On rectangular constant in normed linear spaces

TL;DR

This paper investigates the rectangular constant in normed linear spaces, establishing conditions for its maximum value, its attainability in finite dimensions, and characterizations of inner product spaces based on this constant.

Contribution

It provides new characterizations of the rectangular constant and inner product spaces using geometric properties of the unit sphere and the rectangular modulus.

Findings

Rectangular constant equals 3 iff the unit sphere contains a line segment of length 2.

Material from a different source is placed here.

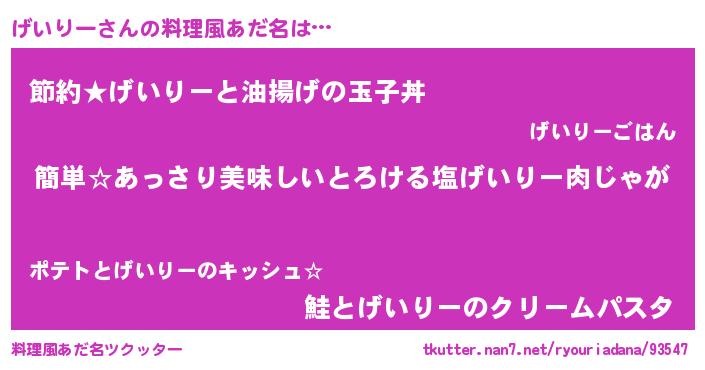 | ヘコむあだ名 | 『げいりー(笑)』『げいにゅー』 |

In finite-dimensional spaces, the rectangular constant is attained.

A space is an inner product space iff a specific supremum condition holds for all relevant t values.

Abstract

We study the properties of rectangular constant $ \mu(\mathbb{X}) $ in a normed linear space $\mathbb{X}$. We prove that $ \mu(\mathbb{X}) = 3$ iff the unit sphere contains a straight line segment of length 2. In fact, we prove that the rectangular modulus attains its upper bound iff the unit sphere contains a straight line segment of length 2. We prove that if the dimension of the space $\mathbb{X}$ is finite then $\mu(\mathbb{X})$ is attained. We also prove that a normed linear space is an inner product space iff we have sup$\{\frac{1+|t|}{\|y+tx\|}$: $x,y \in S_{\mathbb{X}}$ with $x\bot_By\} \leq \sqrt{2}$ $\forall t$ satisfying $|t|\in (3-2\sqrt{2},\sqrt{2}+1)$.